Cas9 RNPs provide robust ‘knock-in’ technology to replace nucleotides in primary human T cells.A) Experimental scheme of Cas9:single-guide RNA ribonucleoprotein (Cas9 RNP) and HDR template delivery to primary human T cells for genome editing. B) ‘Knock-in’ of HindIII site in the CXCR4 gene was confirmed with restriction enzyme digestion. C) Cas9 RNPs successfully ablated CXCR4 surface expression.


Human Genetics and HIV Pathogenesis. Early in the AIDS epidemic, researchers identified a population of individuals who were repeatedly exposed to HIV but did not contract the virus. These individuals demonstrated HIV immunity was possible and offered tantalizing hope that, if we could discover the mechanism of their natural immunity to the virus, these defenses could be bolstered in the general population. Unfortunately, this promise has proven difficult to realize. To ameliorate this, the National Institute of Allergy and Infectious Disease convened a workshop in 2010 to discuss the importance of studying individuals with apparent natural immunity to HIV infection, termed HIV-exposed seronegatives (HESNs). One of three key research goals set forth there was the identification of host factors in HESNs that provide resistance to HIV infection. Since that time, the discovery of putative host mutations that lend protection from HIV has accelerated. These include the well-characterized CCR5Δ32 mutation as well as numerous less well-characterized variants. Understanding the mechanisms of this natural immunity to HIV would be an important step in HIV prevention, but functional analysis of these variants has been impossible until recently, as there has been no way to mutate the endogenous proteins in primary human T cells. As part of the HIV Accessory and Regulatory Complex (HARC) center, and in close collaboration with the Krogan lab, we are working to leverage our ability to create such mutants to validate and fully characterize proposed HIV resistance variants. This is made possible by our collaboration with Dr. Steven Wolinsky and the Multicenter AIDS Cohort Study (MACS). They have generated exome  sequencing data on a cohort of HIV-exposed seronegative individuals and have already identified candidate mutations that may be responsible for resistance to HIV infection. Notably, several mutations occur at the structural interfaces of macromolecular complexes comprised of HIV and host proteins.  Now it is critical that we confirm the causal functions of these host genetic variants. 

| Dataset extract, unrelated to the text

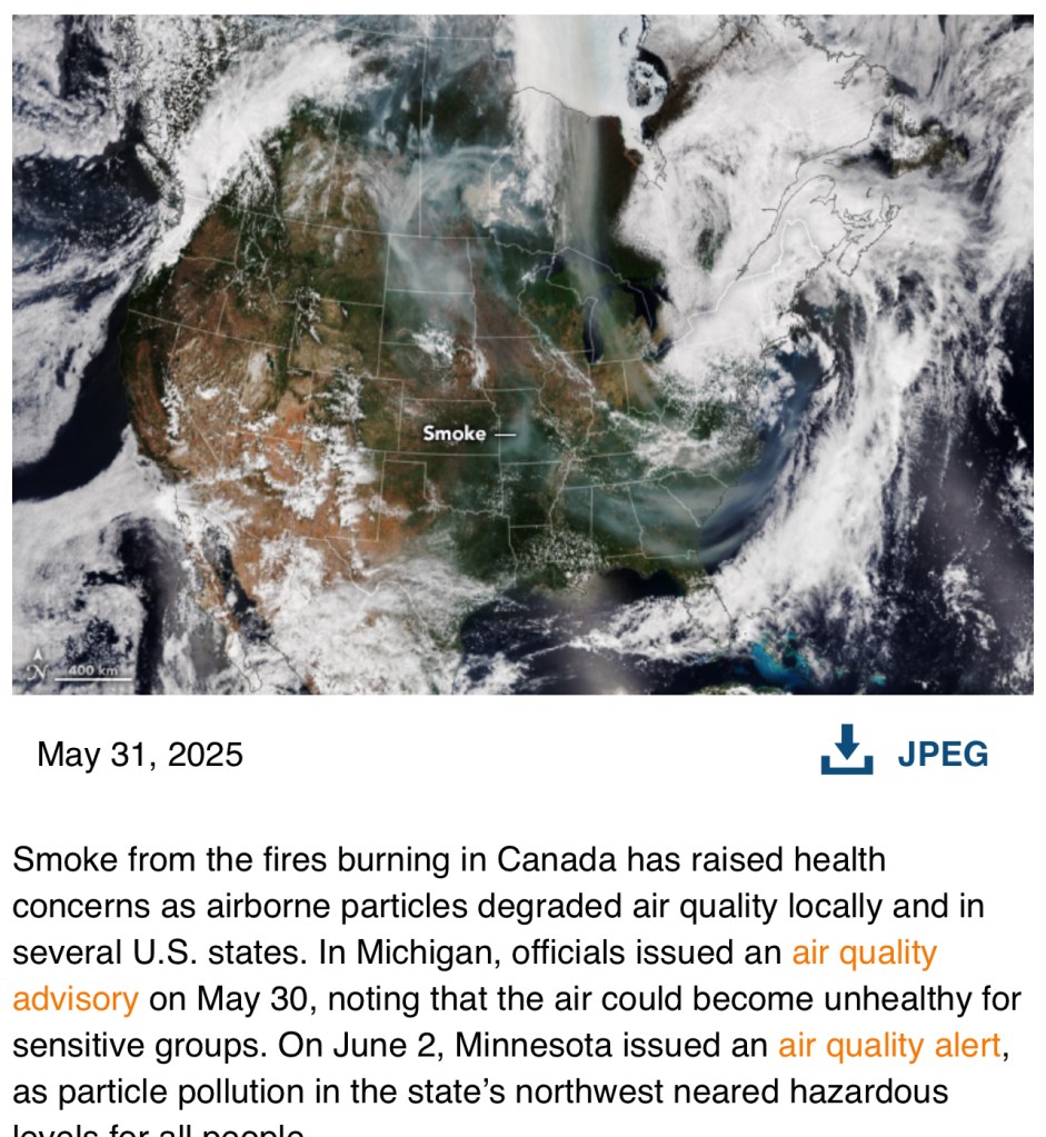 Satellite Image: North American Smoke Plume – May 31, 2025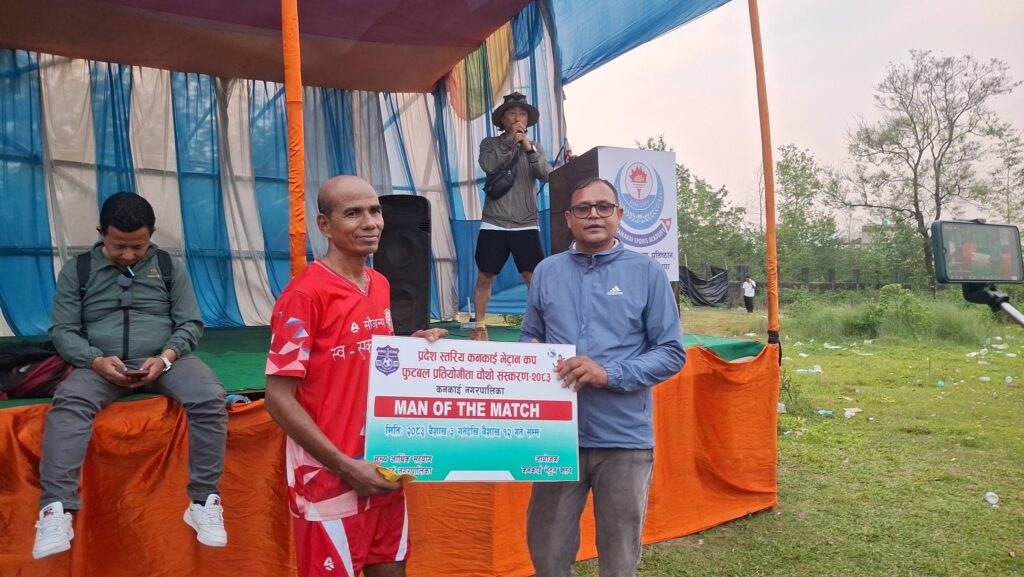 दुधे भेट्रान क्लवका तर्फबाट केशन सेर्मा र लक्ष्मण अधिकारीले गर्नुभयो । खेलको म्यान अफ दी म्याच बिजयी टिम दुधे भेट्रानका कुमार जोशी हुनुभयो । उहाँलाई कनकाई उद्योग वाणिज्य संघका वरिष्ठ उपाध्यक्ष सरोज सिटौलाले नगद पुरस्कार प्रदान गर्नुभयो ।

Chemical Inhibition of Pathogenic T Cell Circuitry. We applied genomic analyses to develop a strategy for pharmacological inhibition of the core transcriptional circuitry of Th17 cells, a pro-inflammatory CD4+ T cell subset that plays a major role in autoimmune diseases (Xiao and Yosef et al., Immunity 2014). In collaboration with Aviv Regev and Vijay Kuchroo, we discovered that RORγt, the major transcriptional regulator of Th17 cells, directly controls the expression of a set of genes at the core of Th17 cell identity and also contributes to the repression of signature genes of other CD4+ T cell lineages, including Tregs. Through a library screen, we identified several novel small molecules that bind to RORγt. We demonstrated in vitro and in vivo that these compounds repress the development of Th17 cells and ameliorate murine models of autoimmunity. We used ChIP-Seq and RNA-Seq to dissect the molecular effects of these potential pharmaceutical agents. This integrative genomic approach is generally applicable to decipher gene regulatory circuitry and aid in drug discovery efforts. Our demonstrated ability to ‘drug’ transcriptional programs that differentiate Tregs and pro-inflammatory T cells motivates our ongoing systematic characterization of the human CD4+ T cell circuitry.

 TMP778 (a) is a novel small molecule that inhibits Th17 differentiation (b) and ameliorates murine model of multiple sclerosis (c) by inhibiting the transcriptional circuitry controlled by RORγt (RORC) (d).